Отвергавший «субкультуру», как правый, даже фашизоидный феномен, Пьер Паоло Пазолини

существует сегодня, в основном, в двух отдельных, иногда пересекающихся субкультурах –

гомосексуальной и синефильской. Такая посмертная профанация грозит любому художнику,

трагично, однако, то, что её причиной стало самое ценное свойство Пазолини: его разнообразная

(«ренессансная», как принято говорить) активность во всевозможных областях и жанрах, а,

главное, их органичная взаимосвязь через политическую вовлечённость.


Если разносторонняя мощь художников Ренессанса была связана с восхождением буржуазии –

молодого класса, смело осваивавшего мир, то в 20 веке всем передовым художникам и

философам стало ясно, что прорыв к органичности, универсальности, реализму в искусстве и в

жизни – возможен только через конфликт с буржуазией, только через разрыв - общий или частный,

локальный – паритета с ней. Судьба Пазолини – один из ярких и трагичных примеров такого

разрыва. Проиграла партия, частью которой он себя считал, проиграл класс, чьим авангардом

считала себя эта партия. Вместе с ними проиграл свою битву за будущее художник - в результате

чего воспринимается сегодня, в худшем случае, как «режиссёр-педераст, снявший несколько

эстетских фильмов», в лучшем – как большой творец, наивно увлекавшийся - как и многие

современники - левой идеологией, от которой теперь нужно отделять всё то великое и вечное, что

он породил. Конечно же, такие представления отражают не самого Пазолини, а современную

эпоху, предчувствие которой он изо всех сил, иногда на грани истерики, пытался вербализировать

в свои последние годы.
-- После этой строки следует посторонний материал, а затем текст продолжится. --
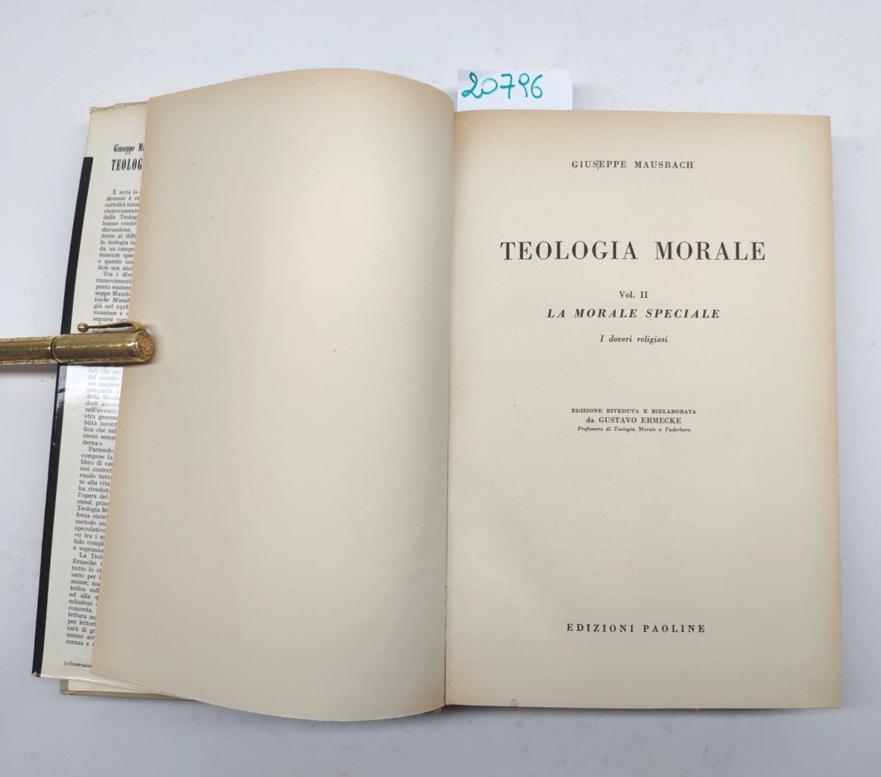 Giuseppe Mausbach Teologia morale volume II la morale speciale i doveri religiosi Edizioni Paoline 1957

Сейчас мы знаем её основные черты: растворение политики в частных

формах, постмодернистский культ множественности и разнообразия, затушёвывающий

дальнейшее имущественное расслоение, пролетаризацию (то есть, увеличение числа наёмных

работников в мировом масштабе - предсказанная Марксом монополизация и концентрация

капитала); отстранение масс от управления через разнообразные варианты того, что Антонио

Грамши называл «гегемонией».


Одна из главных тем Пазолини - культурный геноцид, исчезновения малых, диалектальных

культурных форм: после итальянского фашизма, проехавшего по ним своим имперским катком,

эстафету уничтожения принимает, по мнению Пазолини, глобальный капитализм. (Собственно,

отчасти с озабоченностью этой темой были связаны изматывающие, но очень упорные отношения

П.П.П. с Коммунистической партией Италии, имевшей огромную поддержку среди рабочего класса

и пытавшейся, как большинство западных просоветских компартий, выполнять, скорее,

протекционистскую, национал-сталинистскую функцию, с соответствующими представлениями о

норме, не вмещавшими гомосексуальность и другие свойства Пазолини.)
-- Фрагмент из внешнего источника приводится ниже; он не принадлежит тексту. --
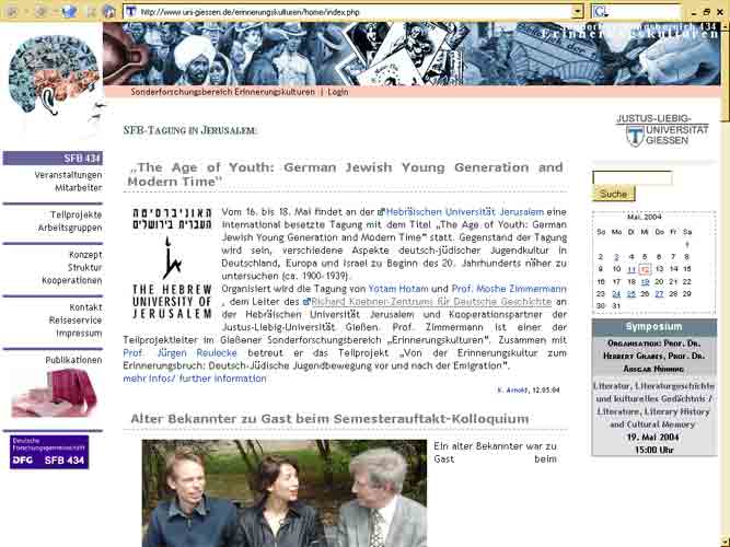 Der Gießener Sonderforschungsbereich (SFB) "Erinnerungskulturen" untersucht die Inhalte und Formen kultureller Erinnerung von der Antike bis ins 20. Jahrhundert. Er vereinigt insgesamt 19 Hochschullehrer und ca. 70 Mitarbeiter aus neun kulturwissenschaftlichen Disziplinen. Neben Historikern und Germanisten forschen unter dem Dach des SFB Latinisten, Gräzisten, Kunsthistoriker, Romanisten, Anglisten, Orientalisten, Philosophen, Politologen und Soziologen. Zwei Teilprojekte sind an der Universität Siegen angesiedelt, zwei an der Hebrew-University in Jerusalem. |

Частным случаем процесса унификации была для Пазолини судьба фриульского - не родного, но с

детства знакомого ему диалекта - из чего и родился, как мы бы сейчас сказали, «проект»

(занявший, впрочем, огромную часть его жизни) стихотворчества на фриульском, в котором, как и

во всём, что делал П.П.П., совместились «эстетский» формальный замысел, политическая

концепция и лирическая одержимость.


Другая сквозная тема - расцвет и деградация римского «люмпен-пролетариата», страстно

любимого Пазолини, который считал его носителем особой, ни с чем не сравнимой брутальной

аутентичности, и опять же, особого диалекта. Римскому люмпен-пролетариату посвящён роман

«Шпана», фильм «Аккатоне» и масса стихотворений. (Как мы знаем, эта страсть оказалась для

поэта роковой. Если только отбросить политическую и другие версии его смерти.)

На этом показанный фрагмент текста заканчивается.